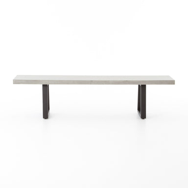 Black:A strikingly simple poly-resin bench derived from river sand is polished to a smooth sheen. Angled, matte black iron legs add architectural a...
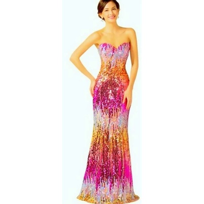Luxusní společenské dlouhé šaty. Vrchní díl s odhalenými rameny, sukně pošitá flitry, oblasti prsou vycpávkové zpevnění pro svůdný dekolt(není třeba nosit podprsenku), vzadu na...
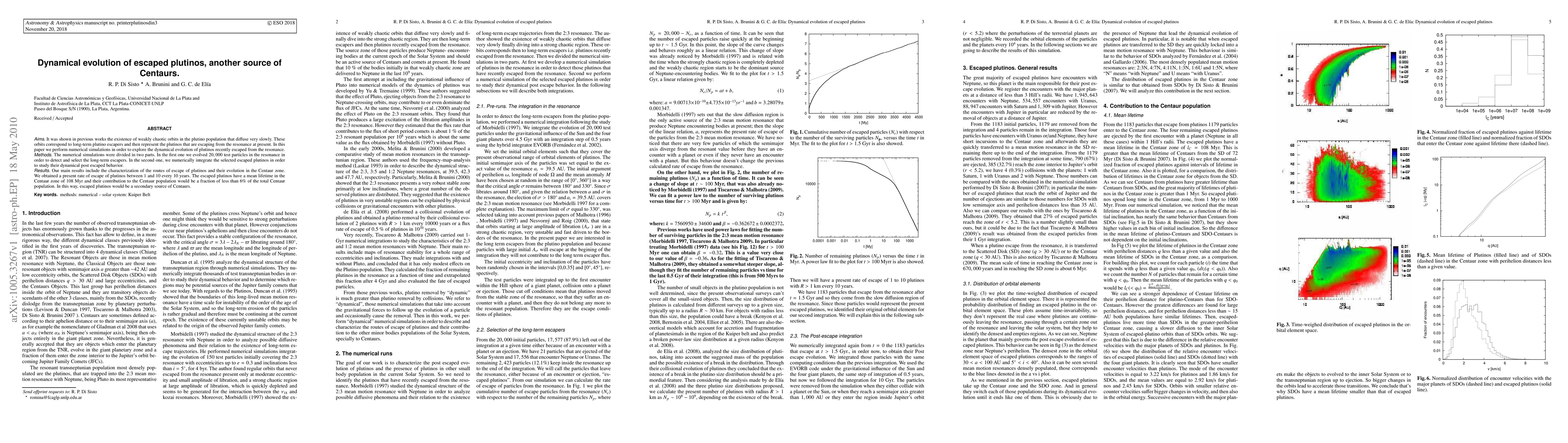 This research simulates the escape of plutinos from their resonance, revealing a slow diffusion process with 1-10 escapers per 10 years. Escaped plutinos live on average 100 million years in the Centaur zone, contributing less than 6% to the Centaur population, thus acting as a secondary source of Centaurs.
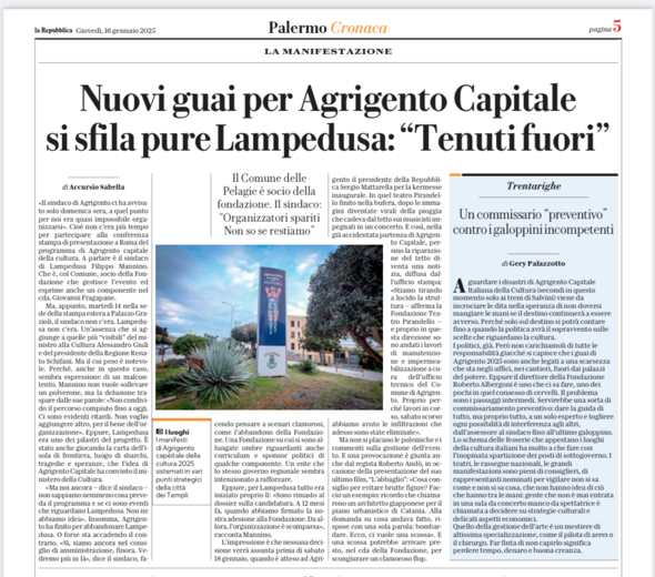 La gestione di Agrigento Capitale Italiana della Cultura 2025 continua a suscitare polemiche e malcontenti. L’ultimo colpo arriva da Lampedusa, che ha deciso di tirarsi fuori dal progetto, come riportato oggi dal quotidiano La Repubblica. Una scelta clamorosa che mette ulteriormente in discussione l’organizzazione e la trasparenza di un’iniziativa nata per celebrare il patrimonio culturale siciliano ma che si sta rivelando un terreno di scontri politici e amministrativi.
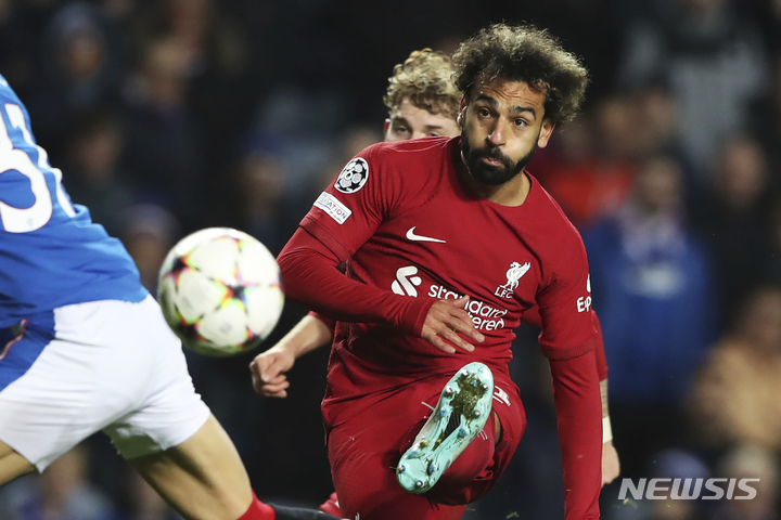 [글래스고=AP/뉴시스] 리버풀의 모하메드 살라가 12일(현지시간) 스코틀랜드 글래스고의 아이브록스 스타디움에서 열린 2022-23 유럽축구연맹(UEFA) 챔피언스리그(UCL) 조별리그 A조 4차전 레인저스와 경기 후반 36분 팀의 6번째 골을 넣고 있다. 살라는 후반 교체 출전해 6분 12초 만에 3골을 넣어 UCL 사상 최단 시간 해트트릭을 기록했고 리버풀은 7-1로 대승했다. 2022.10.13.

------------------------------------------------------------

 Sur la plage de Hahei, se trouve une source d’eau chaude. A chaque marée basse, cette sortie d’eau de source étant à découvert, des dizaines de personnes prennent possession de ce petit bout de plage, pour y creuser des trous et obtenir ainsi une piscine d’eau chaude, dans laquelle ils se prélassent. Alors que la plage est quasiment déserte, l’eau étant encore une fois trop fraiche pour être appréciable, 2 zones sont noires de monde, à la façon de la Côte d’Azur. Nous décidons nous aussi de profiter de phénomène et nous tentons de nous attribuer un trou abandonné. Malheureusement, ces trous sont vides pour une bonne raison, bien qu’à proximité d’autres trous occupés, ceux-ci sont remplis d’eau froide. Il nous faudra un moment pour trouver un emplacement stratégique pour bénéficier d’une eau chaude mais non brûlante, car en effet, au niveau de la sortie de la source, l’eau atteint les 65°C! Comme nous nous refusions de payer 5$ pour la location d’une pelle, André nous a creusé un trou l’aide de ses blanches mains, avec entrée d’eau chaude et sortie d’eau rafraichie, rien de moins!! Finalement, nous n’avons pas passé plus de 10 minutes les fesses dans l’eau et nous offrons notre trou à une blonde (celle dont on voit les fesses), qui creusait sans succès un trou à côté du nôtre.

------------------------------------------------------------

» **Problem statement**: Once the line with "Black:A strikingly simple" is found above, transcribe each line from it through the line with "[글래스고=AP/뉴시스] 리버풀의 모하메드", exactly, and omit the pictures.

» **Exercise response**:
 Black:A strikingly simple poly-resin bench derived from river sand is polished to a smooth sheen. Angled, matte black iron legs add architectural a...
Luxusní společenské dlouhé šaty. Vrchní díl s odhalenými rameny, sukně pošitá flitry, oblasti prsou vycpávkové zpevnění pro svůdný dekolt(není třeba nosit podprsenku), vzadu na...
 This research simulates the escape of plutinos from their resonance, revealing a slow diffusion process with 1-10 escapers per 10 years. Escaped plutinos live on average 100 million years in the Centaur zone, contributing less than 6% to the Centaur population, thus acting as a secondary source of Centaurs.
 La gestione di Agrigento Capitale Italiana della Cultura 2025 continua a suscitare polemiche e malcontenti. L’ultimo colpo arriva da Lampedusa, che ha deciso di tirarsi fuori dal progetto, come riportato oggi dal quotidiano La Repubblica. Una scelta clamorosa che mette ulteriormente in discussione l’organizzazione e la trasparenza di un’iniziativa nata per celebrare il patrimonio culturale siciliano ma che si sta rivelando un terreno di scontri politici e amministrativi.
 [글래스고=AP/뉴시스] 리버풀의 모하메드 살라가 12일(현지시간) 스코틀랜드 글래스고의 아이브록스 스타디움에서 열린 2022-23 유럽축구연맹(UEFA) 챔피언스리그(UCL) 조별리그 A조 4차전 레인저스와 경기 후반 36분 팀의 6번째 골을 넣고 있다. 살라는 후반 교체 출전해 6분 12초 만에 3골을 넣어 UCL 사상 최단 시간 해트트릭을 기록했고 리버풀은 7-1로 대승했다. 2022.10.13.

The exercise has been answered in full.